=== TASK OBJECTIVE ===
Without any pictures, retype exactly the lines that begin at the one holding "製造工程はみごとな職人技が繰" and end at the last line of the data below.

=== SUPPLIED RECORDS ===
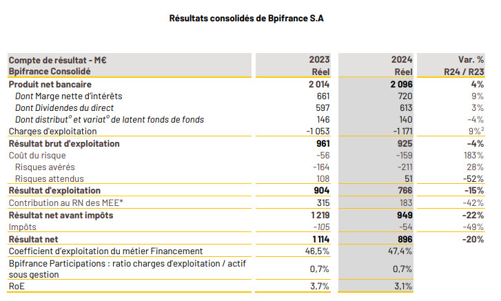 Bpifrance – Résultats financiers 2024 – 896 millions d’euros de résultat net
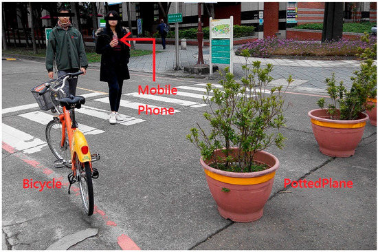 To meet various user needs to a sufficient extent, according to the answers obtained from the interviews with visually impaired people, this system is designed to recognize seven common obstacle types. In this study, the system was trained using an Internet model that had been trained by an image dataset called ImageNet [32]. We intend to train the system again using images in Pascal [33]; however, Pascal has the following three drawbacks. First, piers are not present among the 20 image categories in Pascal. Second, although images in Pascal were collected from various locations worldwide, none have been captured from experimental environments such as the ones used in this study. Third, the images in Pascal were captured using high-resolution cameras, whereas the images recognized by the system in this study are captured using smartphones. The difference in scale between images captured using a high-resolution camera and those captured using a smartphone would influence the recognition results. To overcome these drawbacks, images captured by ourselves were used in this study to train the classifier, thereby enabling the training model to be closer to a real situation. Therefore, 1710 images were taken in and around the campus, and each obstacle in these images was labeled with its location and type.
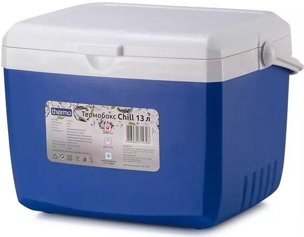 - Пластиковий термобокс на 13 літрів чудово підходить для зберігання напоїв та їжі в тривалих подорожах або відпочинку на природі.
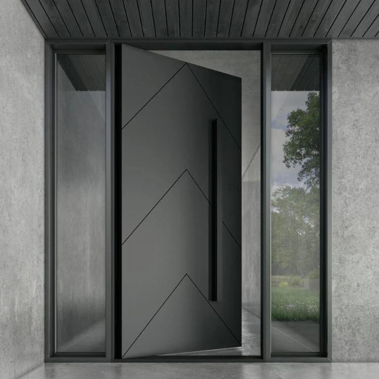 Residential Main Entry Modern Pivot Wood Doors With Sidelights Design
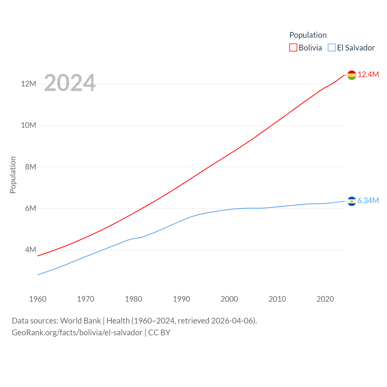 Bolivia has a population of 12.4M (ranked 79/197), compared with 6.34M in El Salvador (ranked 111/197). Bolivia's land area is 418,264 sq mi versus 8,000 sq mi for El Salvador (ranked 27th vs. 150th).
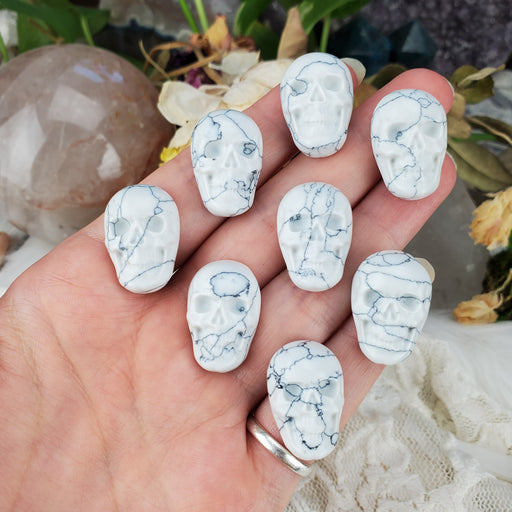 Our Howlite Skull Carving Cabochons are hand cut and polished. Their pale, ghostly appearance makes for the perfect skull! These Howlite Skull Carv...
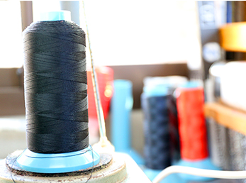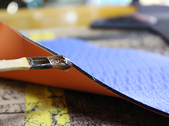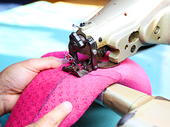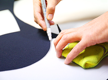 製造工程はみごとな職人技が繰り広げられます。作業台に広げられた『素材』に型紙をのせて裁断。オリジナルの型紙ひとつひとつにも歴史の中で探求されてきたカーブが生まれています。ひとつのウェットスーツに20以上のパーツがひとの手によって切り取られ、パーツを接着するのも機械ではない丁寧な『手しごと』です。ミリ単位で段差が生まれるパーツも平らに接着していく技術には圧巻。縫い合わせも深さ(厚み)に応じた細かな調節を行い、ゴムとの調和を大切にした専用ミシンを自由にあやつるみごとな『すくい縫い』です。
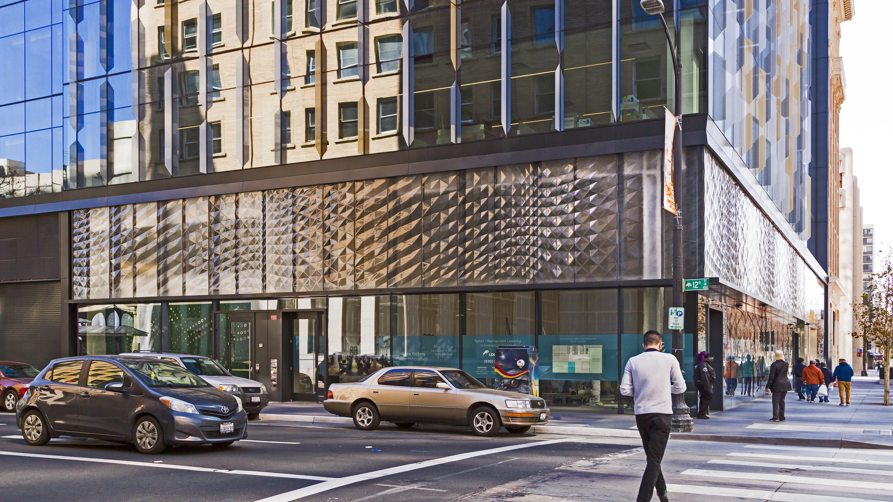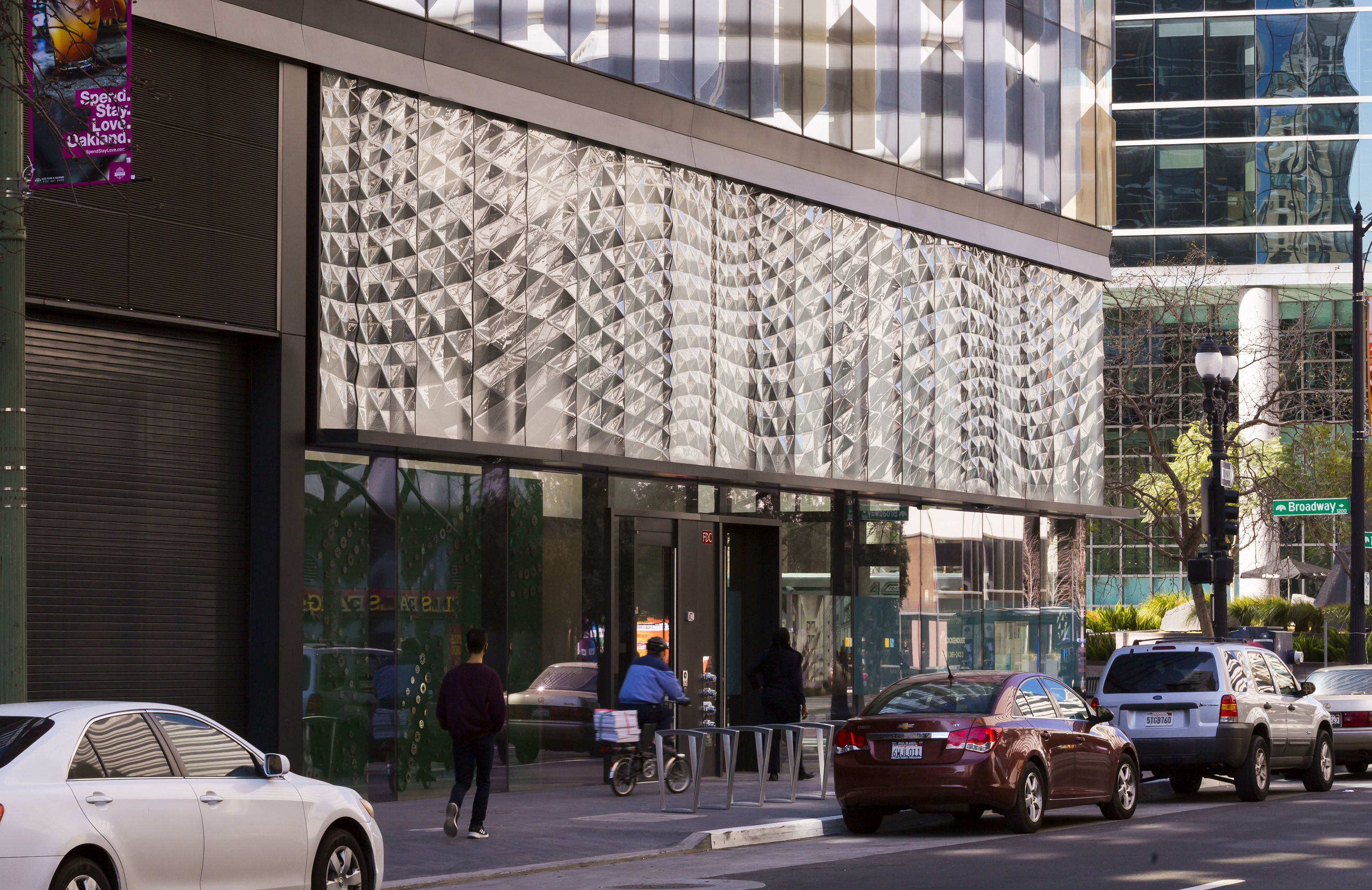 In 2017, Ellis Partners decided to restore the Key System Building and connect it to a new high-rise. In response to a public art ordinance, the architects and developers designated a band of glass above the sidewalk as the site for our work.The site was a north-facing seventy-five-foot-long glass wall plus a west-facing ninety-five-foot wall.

=== SOLUTION FOR THIS EXERCISE ===
 製造工程はみごとな職人技が繰り広げられます。作業台に広げられた『素材』に型紙をのせて裁断。オリジナルの型紙ひとつひとつにも歴史の中で探求されてきたカーブが生まれています。ひとつのウェットスーツに20以上のパーツがひとの手によって切り取られ、パーツを接着するのも機械ではない丁寧な『手しごと』です。ミリ単位で段差が生まれるパーツも平らに接着していく技術には圧巻。縫い合わせも深さ(厚み)に応じた細かな調節を行い、ゴムとの調和を大切にした専用ミシンを自由にあやつるみごとな『すくい縫い』です。
 In 2017, Ellis Partners decided to restore the Key System Building and connect it to a new high-rise. In response to a public art ordinance, the architects and developers designated a band of glass above the sidewalk as the site for our work.The site was a north-facing seventy-five-foot-long glass wall plus a west-facing ninety-five-foot wall.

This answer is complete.